Identification of Risk Genes for Attention-Deficit/Hyperactivity Disorder During Early Human Brain Development.

Abstract

Objective: Attention-deficit/hyperactivity disorder (ADHD) is a common neurodevelopmental disorder with high heritability. A total of 27 genome-wide significant loci for ADHD were previously identified through genome-wide association studies (GWASs), but the identification of risk genes that confer susceptibility to ADHD has remained largely unexplored.

Method: As ADHD is a neurodevelopmental disorder, we integrated human brain prenatal gene and transcript expression weight data (n = 120) and ADHD GWAS summary statistics (n = 225,534; 38,691 cases and 186,843 controls) to perform a transcriptome-wide association study (TWAS) by FUSION (an analytic suite).

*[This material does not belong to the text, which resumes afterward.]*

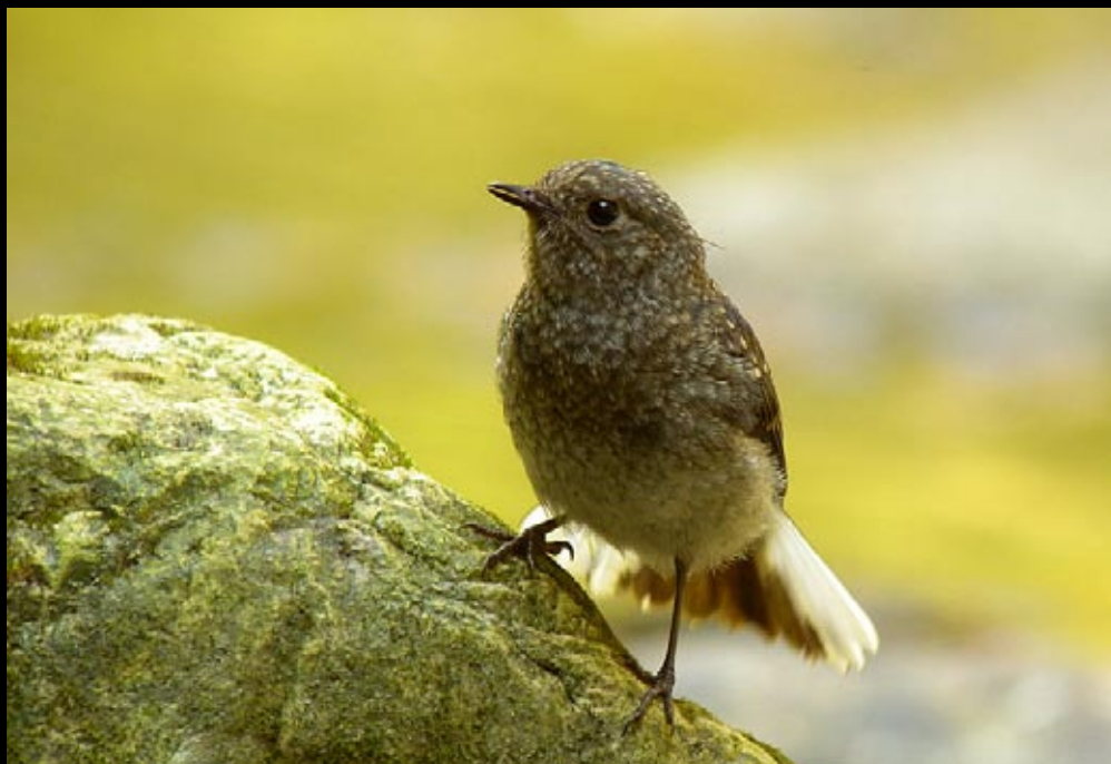
Nymphée fuligineuse, 04/06/09, Hunan, Parc des montagnes de Zhang Jia Jie

Results: Our analysis identified 10 genes, including LSM6, HYAL3, METTL15, RPS26, LRRC37A15P, RP11-142I20.1, ABCB9, AP006621.5, AC000068.5, and PDXDC1, that are significantly associated with ADHD, along with 8 transcripts of 7 genes. We also conducted TWAS analysis using CommonMind Consortium (CMC) adult brain gene and gene-splicing expression weights (n = 452), which highlighted several risk genes that showed associations with ADHD in both prenatal and postnatal stages, such as LSM6 and HYAL3.

Conclusion: Overall, our TWAS of ADHD, by integrating human prenatal brain transcriptome and ADHD GWAS results, uncovered the cis-effects of gene/transcript regulation that are predicted to be associated with ADHD. By combining colocalization and FOCUS fine-mapping analysis, we further unraveled potential causal candidate risk genes. The risk genes/transcripts that we identified in this study can serve as a valuable resource for further investigation of the disease mechanisms underlying ADHD.